E. Z. : L’opinion hongroise est clairement divisée. J’ai rencontré des personnes qui me soutiennent à 100 % et d’autres qui me critiquent. Reste que j’ai vécu aujourd’hui l’un des moments les plus forts de ma vie : une manifestation de catholiques arborant une étoile jaune. C’était très émouvant.

Sandor Kepiro est peu connu du grand public. Pourquoi figurait-il parmi les "nazis les plus recherchés" par le Centre Simon-Wiesenthal ?

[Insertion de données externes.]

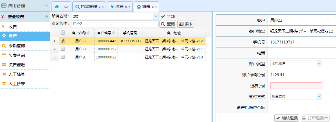 2. 管理员通过用电管理平台【H家园智慧能耗综合平台】-【费用管理】-【营业收费】,找到对应的客户做退费和收费处理。
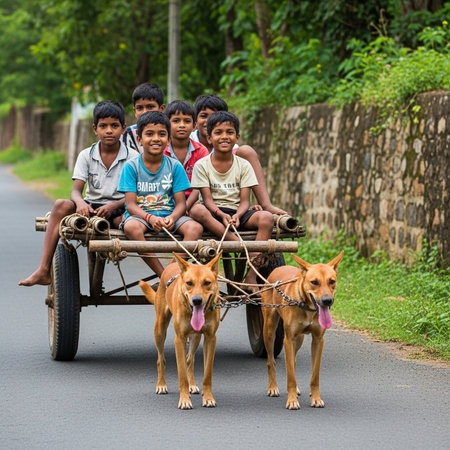 A group of children with their dog on the road in Burdwan.

E. Z. : Il était officier en 1942. C’est lui qui donnait les ordres d’exécution. Sandor Kepiro est, en outre, un homme extrêmement intelligent qui a réussi à se cacher durant des décennies. Pour toute l’Europe de l’Est, c’est un symbole de la collaboration avec le régime nazi.

Comme bien d’autres dignitaires nazis, il affirme n’avoir fait qu’exécuter des ordres…
E. Z. : Cette ligne de défense a déjà été rejetée à plusieurs reprises devant les tribunaux. Si on suit cette logique, seul Adolf Hitler serait responsable ! En outre, Sandor Kepiro est un juriste de formation, donc il savait parfaitement que les ordres qu’il a choisi d’exécuter étaient illégaux.